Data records
★ ★ ★
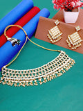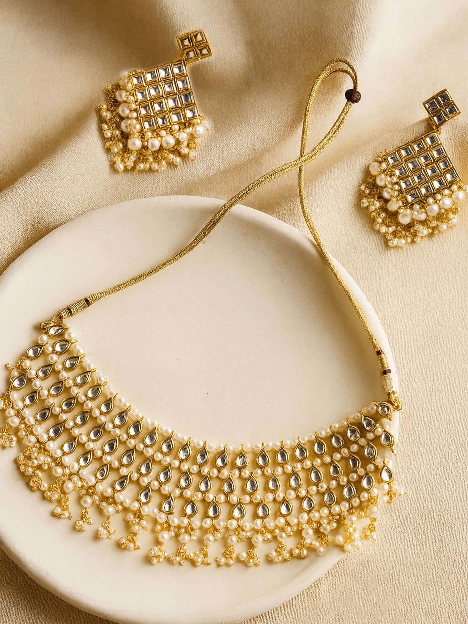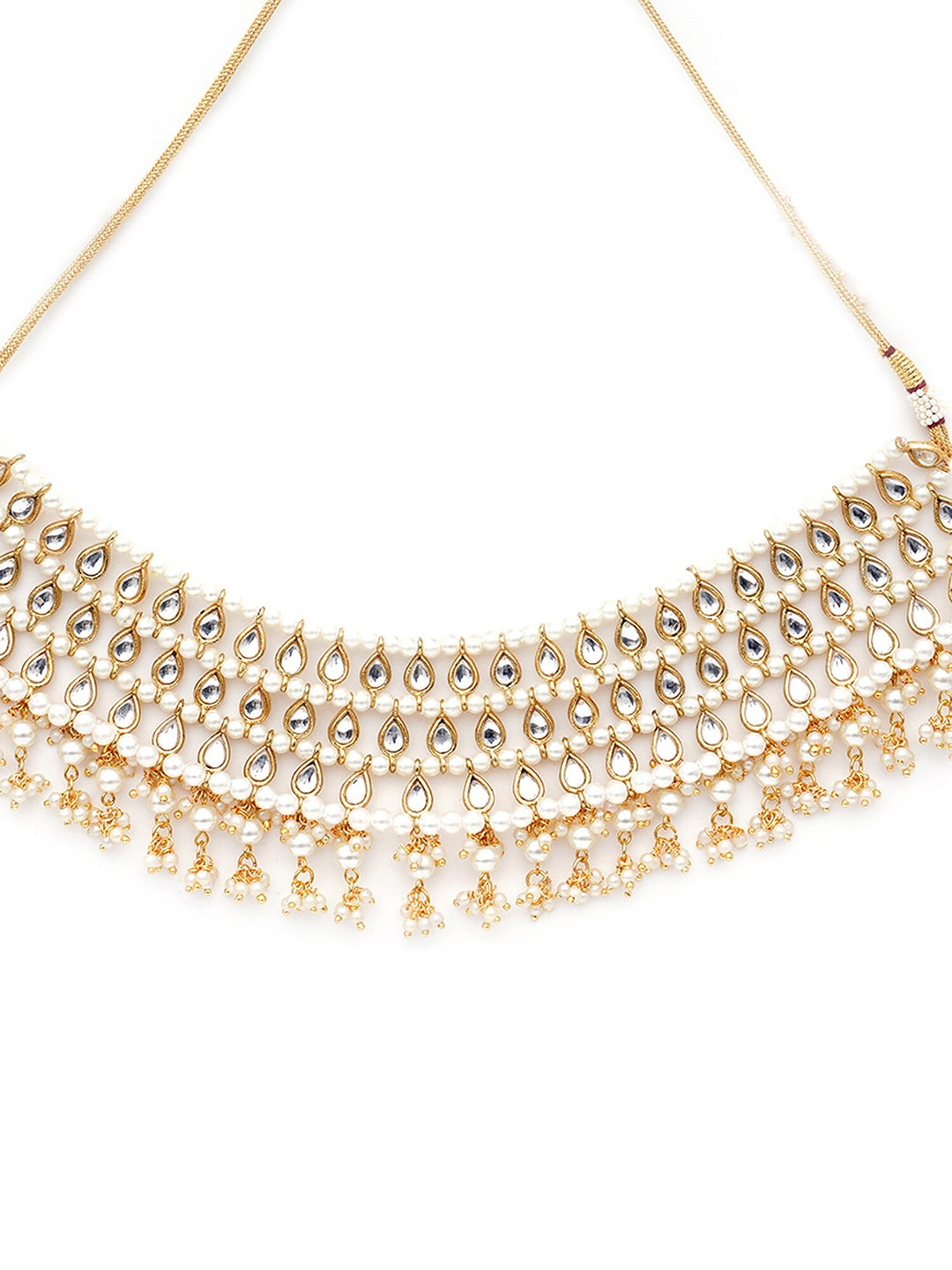 Gold-plated choker necklace has white Kundan-studded and pearl-beaded details
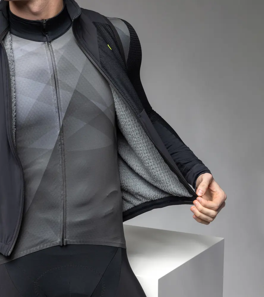 ALÉ RIPARO Jacket je pánská zimní vesta v závodním střihu, navržená pro středně až vysoce intenzivní vyjížďky i při teplotách pod bodem mrazu. V černém provedení (black) pro modelový rok 2027 nabízí skvělou rovnováhu mezi izolací, prodyšností a ochranou proti vlhkosti.
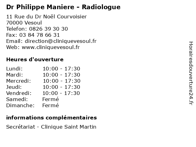 1 Dr Philippe Bloqueau - Radiologue (Distance: 0,00 km) 11 Rue du Dr Noël Courvoisier, 70000 Vesoul bloqueau, consultation, docteur, dr, med, medecine, medical, médecin, philippe, radiologue, traitement 2 Dr Christophe Maniere - Chirurgien ORL (Distance: 0,28 km) 2 rue Heymès, 70014 Vesoul chirurgien, christophe, de, dr, groupe, haute, hospitalier, la, laryngologie, maniere, orl, oto, rhino, saône, site, vesoul 3 Dr Philippe Daudey - Anesthésiste (Distance: 0,28 km) 2 rue Heymès, 70014 Vesoul anesthésiste, consultation, daudey, docteur, dr, med, medecine, medical, médecin, philippe, traitement 4 Dr Philippe Rolland - Médecin généraliste (Distance: 0,28 km) 2 rue Heymès, 70014 Vesoul consultation, docteur, dr, généraliste, med, medecine, medical, médecin, philippe, rolland, traitement 5 Dr Philippe Selles - Médecin généraliste (Distance: 0,31 km) 2 rue Heymès, 70014 Vesoul consultation, docteur, dr, généraliste, med, medecine, medical, médecin, philippe, selles, traitement 6 LASSUS-PHILIPPE Marie-Josèphe (Distance: 1,95 km) 19 Rue de la Banque, 70000 Vesoul josèphe, lassus, marie, philippe |
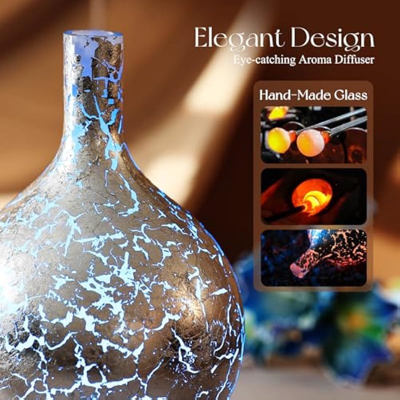 - HIGH QUALITY AND SAFETY – BPA-free material with hand-blown glass globe. After you drop several essential oils that will release cool mist to fill everywhere.
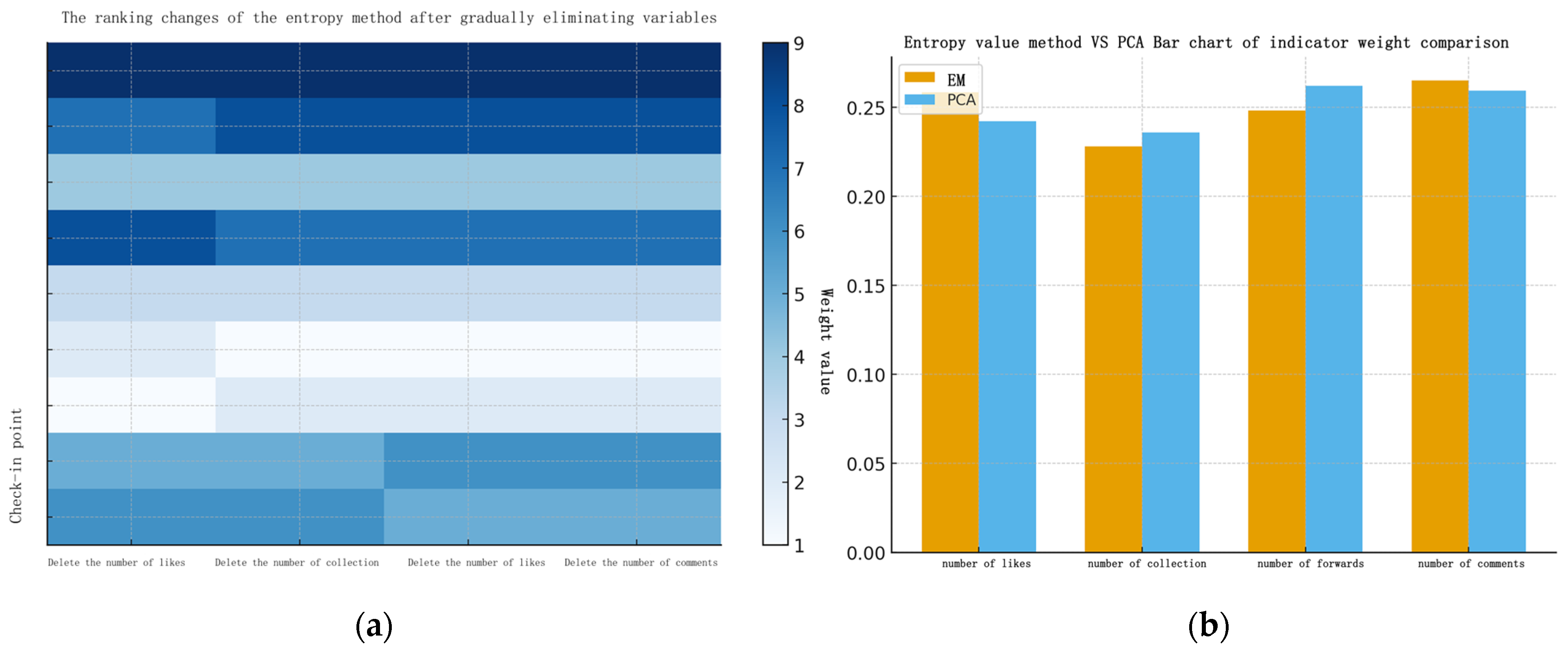 - Online check-in popularity demonstrates a pronounced spatial clustering effect. This phenomenon reveals the concentration of traffic in a few “hit” locations, with its formation mechanism closely related to visual appeal of content, user interaction behaviors, and platform algorithm recommendations. Through an entropy-based weighting model validation, this study confirms that sharing behavior contributes most significantly to online popularity, highlighting the critical role of cross-circle dissemination.
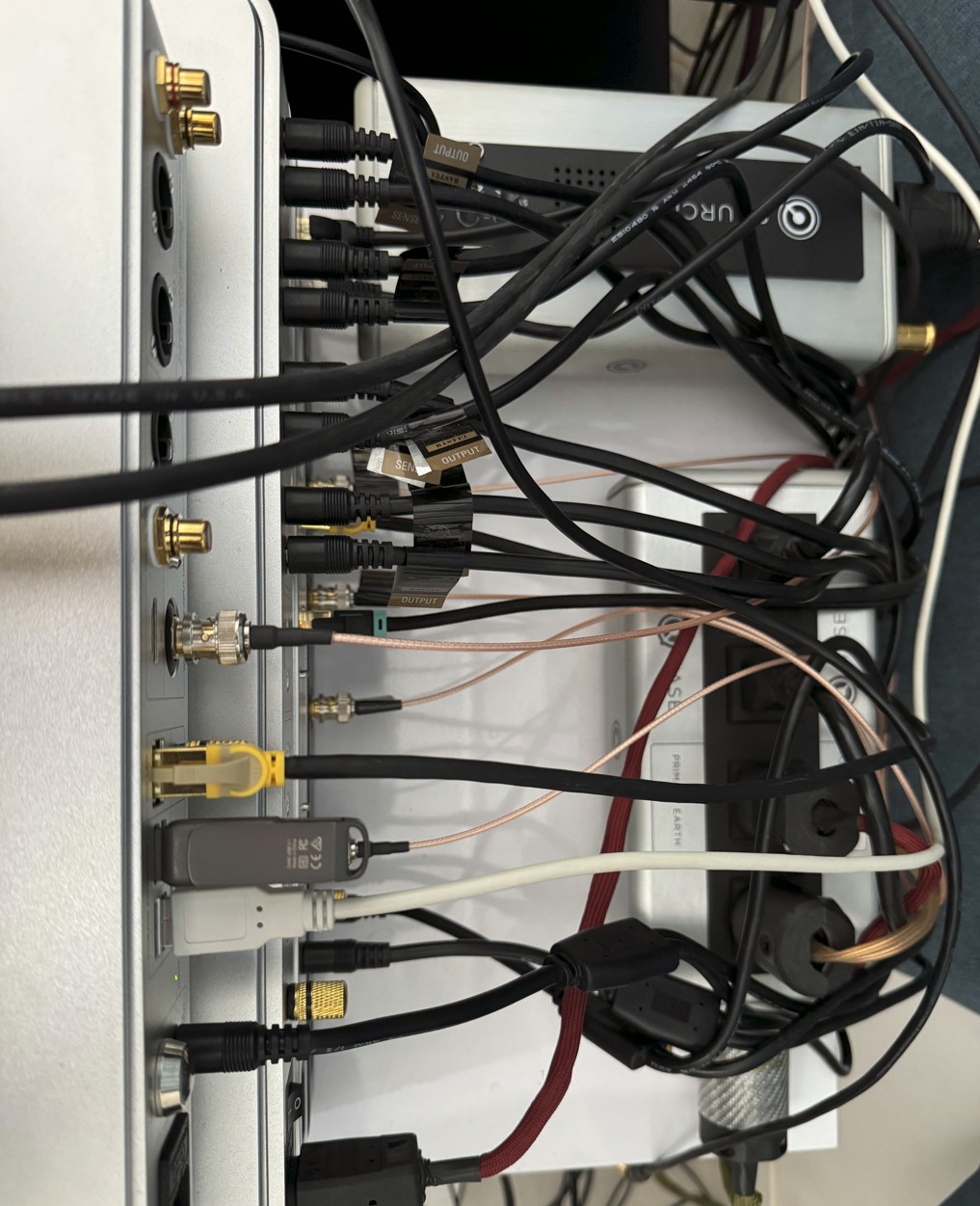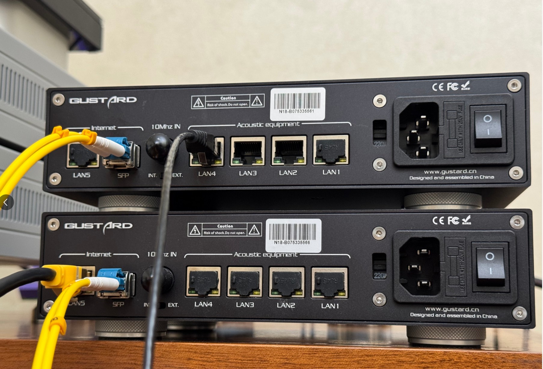所以最早是问歌诗德老黄,借来两台N18 Pro HiFi交换机,这玩意儿基本就是HiFi交换机的最终形态,带SFP光模块,内部全线电供电,体积合适,厚屏蔽,接口多,功能全,还支持时钟加持。 但光隔离的话,是需要用两台。 连接路径:华硕路由器——超八类网线——N18 Pro——SFP双模光线(N18 Pro附带)——N18 Pro——超八类网线——数播。这样。 看着复杂,其实很简单。测试期间,一堆数播、流媒体解码器啥的换着玩。
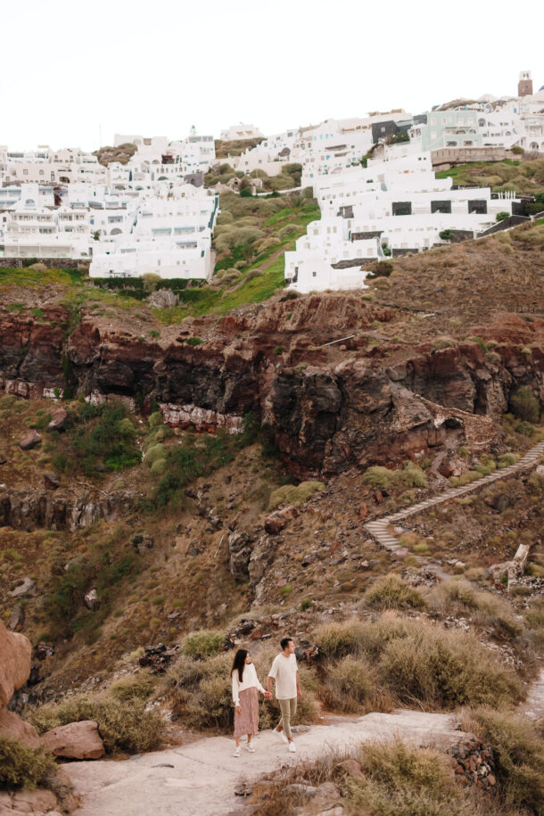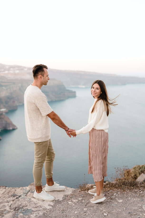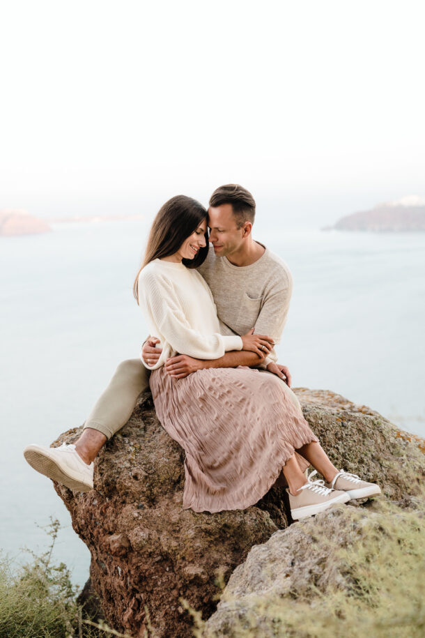 Skaros Rock and Imerovigli pre-wedding photoshoot in Santorini
★ ★ ★
What you have to do
Only the lines from the line that contains "Pro附带)——N18 Pro——超八类网线——数播。这样。 看着复杂,其实很简单。测试期间,一堆数播、流媒体解码器啥的换着玩。" through the end of the entries are to be written out, exactly and without pictures, both ends included.

Task solution
所以最早是问歌诗德老黄,借来两台N18 Pro HiFi交换机,这玩意儿基本就是HiFi交换机的最终形态,带SFP光模块,内部全线电供电,体积合适,厚屏蔽,接口多,功能全,还支持时钟加持。 但光隔离的话,是需要用两台。 连接路径:华硕路由器——超八类网线——N18 Pro——SFP双模光线(N18 Pro附带)——N18 Pro——超八类网线——数播。这样。 看着复杂,其实很简单。测试期间,一堆数播、流媒体解码器啥的换着玩。
 Skaros Rock and Imerovigli pre-wedding photoshoot in Santorini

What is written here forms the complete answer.